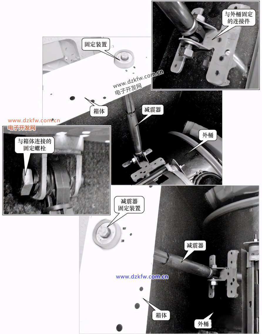 滚筒洗衣机的支撑减震装置主要包括吊装弹簧和减震器。
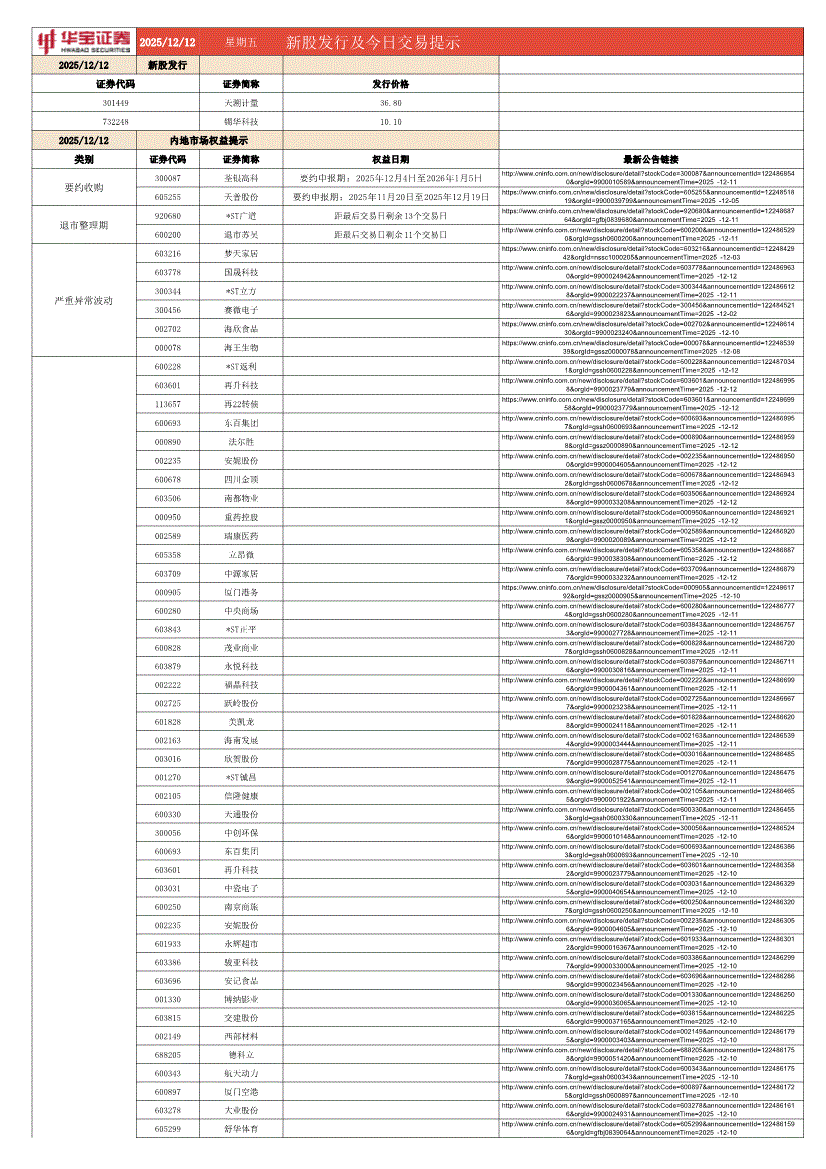 华宝证券-新股发行及今日交易提示-251212
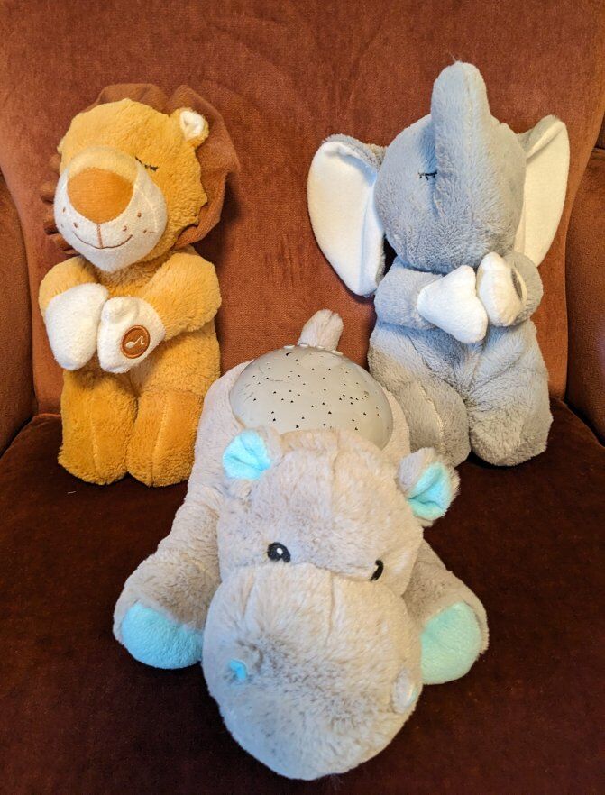 We also have some animals that say a little bedtime message when you press their hands. And the hippo shines stars on the ceiling for a nightlight.
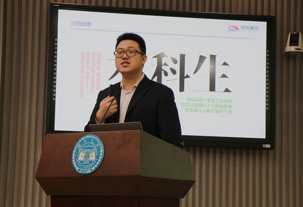 外国语学院19届毕业生、旭辉集团湖南区域校招负责人张愿,从HR角度,针对面试中的套路和反套路,结合自身求职面试中的经验,向大家介绍了面试时自我介绍的目的、主要内容以及准备工作等,并为在场的同学分享了一些面试技巧。张愿由自身的校园经历讲到面试中的金字塔思维、压力面、宝洁八大问和STAR法则,并重点向同学们介绍了群面这一面试考察方式,对群面的内涵、考察要点以及适用岗位等内容进行了深入探讨。通过互动问答,同学们对校招面试的内容、特点和形式有了更多的认识和了解,树立了求职信心。
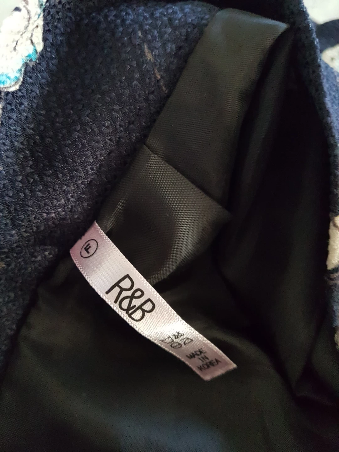 This navy blue R&B skirt features a white floral print and a comfortable elastic waistband. It's made in Korea with a smooth black lining. Perfect for adding a touch of pattern to your outfit!
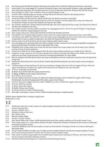 12:1 Inilah para imam dan orang-orang Lewi yang berangkat pulang bersama-sama Zerubabel bin Sealtiel dan Yesua:
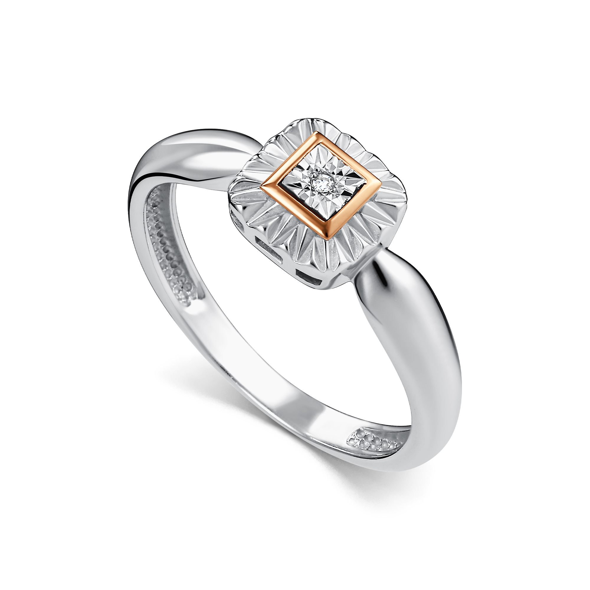 Кольцо из серебра с камнем Бриллиант, вставками золота
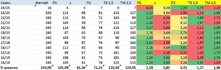 Тем более, если посмотреть историю сезонов и как сейчас обстоят дела с П1, то тут есть явный перекос и недобор этого исхода. Как видим из таблицы ниже, П1 в новом сезоне играется в среднем через 4 матча, против 2,28 по всей истории чемпионатов РПЛ. Таким образом надо попробовать вычленить матчи, которые могут завершиться победой хозяев в 3 туре.

+++++

== Exercise ==
Transcribe each line above exactly, pictures excluded.

== Written solution ==
 滚筒洗衣机的支撑减震装置主要包括吊装弹簧和减震器。
 华宝证券-新股发行及今日交易提示-251212
 We also have some animals that say a little bedtime message when you press their hands. And the hippo shines stars on the ceiling for a nightlight.
 外国语学院19届毕业生、旭辉集团湖南区域校招负责人张愿,从HR角度,针对面试中的套路和反套路,结合自身求职面试中的经验,向大家介绍了面试时自我介绍的目的、主要内容以及准备工作等,并为在场的同学分享了一些面试技巧。张愿由自身的校园经历讲到面试中的金字塔思维、压力面、宝洁八大问和STAR法则,并重点向同学们介绍了群面这一面试考察方式,对群面的内涵、考察要点以及适用岗位等内容进行了深入探讨。通过互动问答,同学们对校招面试的内容、特点和形式有了更多的认识和了解,树立了求职信心。
 This navy blue R&B skirt features a white floral print and a comfortable elastic waistband. It's made in Korea with a smooth black lining. Perfect for adding a touch of pattern to your outfit!
 12:1 Inilah para imam dan orang-orang Lewi yang berangkat pulang bersama-sama Zerubabel bin Sealtiel dan Yesua:
 Кольцо из серебра с камнем Бриллиант, вставками золота
 Тем более, если посмотреть историю сезонов и как сейчас обстоят дела с П1, то тут есть явный перекос и недобор этого исхода. Как видим из таблицы ниже, П1 в новом сезоне играется в среднем через 4 матча, против 2,28 по всей истории чемпионатов РПЛ. Таким образом надо попробовать вычленить матчи, которые могут завершиться победой хозяев в 3 туре.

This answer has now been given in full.